# What teachers should I be listening to ?



## PresbyDane (Jan 3, 2009)

I listen regularly to Sproul and the White horse inn.
I also listen to, Spurgeon, Lloyd Jones, Piper, Macarthur, Zaharias, Ramsden, 

And even though some of them have new radio shows every day and some once a week, because I can listen to sermons and lechtures 3-4 hours every day at work I need some more good names that I can maybe find on sites like onePlaces that I can listen to.
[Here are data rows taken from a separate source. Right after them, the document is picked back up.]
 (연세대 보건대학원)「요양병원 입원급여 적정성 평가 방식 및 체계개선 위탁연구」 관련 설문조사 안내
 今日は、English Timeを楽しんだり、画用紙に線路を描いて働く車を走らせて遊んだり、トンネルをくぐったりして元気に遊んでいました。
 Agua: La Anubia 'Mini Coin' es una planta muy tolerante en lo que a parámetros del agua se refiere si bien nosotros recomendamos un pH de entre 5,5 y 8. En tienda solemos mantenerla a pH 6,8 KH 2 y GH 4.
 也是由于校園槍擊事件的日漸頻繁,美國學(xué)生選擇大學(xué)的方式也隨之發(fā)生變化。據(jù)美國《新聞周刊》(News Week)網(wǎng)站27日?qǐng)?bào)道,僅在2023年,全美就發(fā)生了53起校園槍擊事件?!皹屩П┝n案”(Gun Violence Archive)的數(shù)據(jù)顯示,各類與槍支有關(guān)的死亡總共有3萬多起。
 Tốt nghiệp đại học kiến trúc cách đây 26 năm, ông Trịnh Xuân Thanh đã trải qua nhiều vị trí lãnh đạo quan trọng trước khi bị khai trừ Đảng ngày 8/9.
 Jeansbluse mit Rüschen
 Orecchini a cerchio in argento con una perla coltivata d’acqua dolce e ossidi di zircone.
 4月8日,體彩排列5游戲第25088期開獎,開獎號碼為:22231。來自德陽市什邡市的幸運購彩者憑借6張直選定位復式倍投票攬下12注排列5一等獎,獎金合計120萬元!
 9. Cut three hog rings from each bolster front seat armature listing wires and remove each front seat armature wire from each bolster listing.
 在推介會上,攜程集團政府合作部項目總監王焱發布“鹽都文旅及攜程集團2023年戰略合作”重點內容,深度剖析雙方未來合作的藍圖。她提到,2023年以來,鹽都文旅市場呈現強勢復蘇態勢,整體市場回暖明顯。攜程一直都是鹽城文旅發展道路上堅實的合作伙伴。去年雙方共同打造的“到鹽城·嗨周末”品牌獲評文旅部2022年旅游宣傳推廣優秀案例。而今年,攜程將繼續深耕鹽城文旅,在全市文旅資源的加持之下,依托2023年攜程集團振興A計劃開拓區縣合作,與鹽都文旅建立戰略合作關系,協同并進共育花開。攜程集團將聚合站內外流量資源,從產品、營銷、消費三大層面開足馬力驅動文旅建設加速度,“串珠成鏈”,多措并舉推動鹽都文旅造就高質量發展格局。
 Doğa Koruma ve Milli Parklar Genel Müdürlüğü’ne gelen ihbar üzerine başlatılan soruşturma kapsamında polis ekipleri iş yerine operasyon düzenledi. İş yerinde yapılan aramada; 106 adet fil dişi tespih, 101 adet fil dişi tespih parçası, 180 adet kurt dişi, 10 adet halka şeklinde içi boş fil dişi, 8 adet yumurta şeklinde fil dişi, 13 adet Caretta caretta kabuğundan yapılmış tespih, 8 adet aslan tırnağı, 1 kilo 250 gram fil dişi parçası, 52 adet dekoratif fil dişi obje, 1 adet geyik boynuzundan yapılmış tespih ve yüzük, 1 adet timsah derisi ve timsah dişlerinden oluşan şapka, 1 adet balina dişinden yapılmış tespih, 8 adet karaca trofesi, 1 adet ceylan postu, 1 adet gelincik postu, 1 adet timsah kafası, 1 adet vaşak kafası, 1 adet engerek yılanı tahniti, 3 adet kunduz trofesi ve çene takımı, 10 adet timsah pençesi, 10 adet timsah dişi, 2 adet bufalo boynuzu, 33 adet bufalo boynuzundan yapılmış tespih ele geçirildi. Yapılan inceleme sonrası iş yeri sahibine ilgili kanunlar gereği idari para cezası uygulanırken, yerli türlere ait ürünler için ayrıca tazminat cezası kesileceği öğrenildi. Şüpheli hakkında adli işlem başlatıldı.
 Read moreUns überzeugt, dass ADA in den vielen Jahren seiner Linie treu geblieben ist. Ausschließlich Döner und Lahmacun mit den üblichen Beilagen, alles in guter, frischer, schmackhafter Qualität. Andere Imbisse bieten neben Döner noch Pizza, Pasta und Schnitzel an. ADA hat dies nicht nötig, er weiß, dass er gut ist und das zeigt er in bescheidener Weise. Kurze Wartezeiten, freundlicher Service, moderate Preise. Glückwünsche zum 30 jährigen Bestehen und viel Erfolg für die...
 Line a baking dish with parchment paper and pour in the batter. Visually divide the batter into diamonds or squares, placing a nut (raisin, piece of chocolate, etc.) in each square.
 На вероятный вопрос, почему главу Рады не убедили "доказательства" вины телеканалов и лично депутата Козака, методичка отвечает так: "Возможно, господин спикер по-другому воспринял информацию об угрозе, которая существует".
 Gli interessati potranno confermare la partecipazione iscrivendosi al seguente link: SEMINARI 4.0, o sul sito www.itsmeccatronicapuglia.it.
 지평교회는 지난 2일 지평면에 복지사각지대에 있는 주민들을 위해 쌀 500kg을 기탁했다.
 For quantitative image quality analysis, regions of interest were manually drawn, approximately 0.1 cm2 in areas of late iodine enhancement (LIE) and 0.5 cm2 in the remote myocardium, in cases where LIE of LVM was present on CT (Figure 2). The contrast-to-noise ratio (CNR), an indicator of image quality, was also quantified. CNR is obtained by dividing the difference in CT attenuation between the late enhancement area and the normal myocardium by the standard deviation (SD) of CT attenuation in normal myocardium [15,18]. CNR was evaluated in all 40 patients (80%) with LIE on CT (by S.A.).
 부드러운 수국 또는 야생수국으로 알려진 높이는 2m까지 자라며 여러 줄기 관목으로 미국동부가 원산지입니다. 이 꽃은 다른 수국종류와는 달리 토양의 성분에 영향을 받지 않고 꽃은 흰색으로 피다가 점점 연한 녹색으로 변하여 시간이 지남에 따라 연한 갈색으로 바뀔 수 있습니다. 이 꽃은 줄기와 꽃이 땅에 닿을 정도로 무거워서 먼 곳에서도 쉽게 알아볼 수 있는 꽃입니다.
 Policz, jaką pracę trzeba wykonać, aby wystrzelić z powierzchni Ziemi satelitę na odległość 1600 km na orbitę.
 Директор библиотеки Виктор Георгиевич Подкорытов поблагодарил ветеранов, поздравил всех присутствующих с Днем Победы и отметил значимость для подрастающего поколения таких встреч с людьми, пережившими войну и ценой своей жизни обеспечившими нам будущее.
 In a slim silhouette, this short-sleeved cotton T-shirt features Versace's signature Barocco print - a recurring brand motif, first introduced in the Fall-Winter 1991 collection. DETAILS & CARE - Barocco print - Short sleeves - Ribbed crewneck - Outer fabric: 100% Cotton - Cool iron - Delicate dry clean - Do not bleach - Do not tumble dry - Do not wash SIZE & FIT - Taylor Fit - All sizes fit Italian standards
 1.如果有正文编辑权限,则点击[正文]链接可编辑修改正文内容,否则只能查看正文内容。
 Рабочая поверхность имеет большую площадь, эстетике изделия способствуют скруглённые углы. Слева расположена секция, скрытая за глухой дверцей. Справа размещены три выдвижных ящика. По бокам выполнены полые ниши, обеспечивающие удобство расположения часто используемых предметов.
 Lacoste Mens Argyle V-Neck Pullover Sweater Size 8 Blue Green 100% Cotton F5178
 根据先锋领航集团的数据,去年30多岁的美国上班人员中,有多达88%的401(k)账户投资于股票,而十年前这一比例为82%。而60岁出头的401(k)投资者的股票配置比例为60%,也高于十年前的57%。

Can anybody recommend some preachers and/or teachers, it would be a big help


----------



## ReformedWretch (Jan 3, 2009)

My favorite is Paul Washer

http://www.sermonaudio.com/search.asp?SpeakerOnly=true&currSection=sermonsspeaker&Keyword=Paul^Washer


----------



## Herald (Jan 3, 2009)

David Campbell at Grace Baptist Church of Carlisle, Pennsylvania is a wonderful exegete and a Reformed Baptist. You can find his sermons HERE. Ligon Duncan is another preacher who will bless you. He pastors the First Presbyterian Church of Jackson, Ms. You can find his sermons HERE.


----------



## ReformedWretch (Jan 3, 2009)

Herald said:


> David Campbell at Grace Baptist Church of Carlisle is a wonderful exegete and a Reformed Baptist. You can find his sermons HERE.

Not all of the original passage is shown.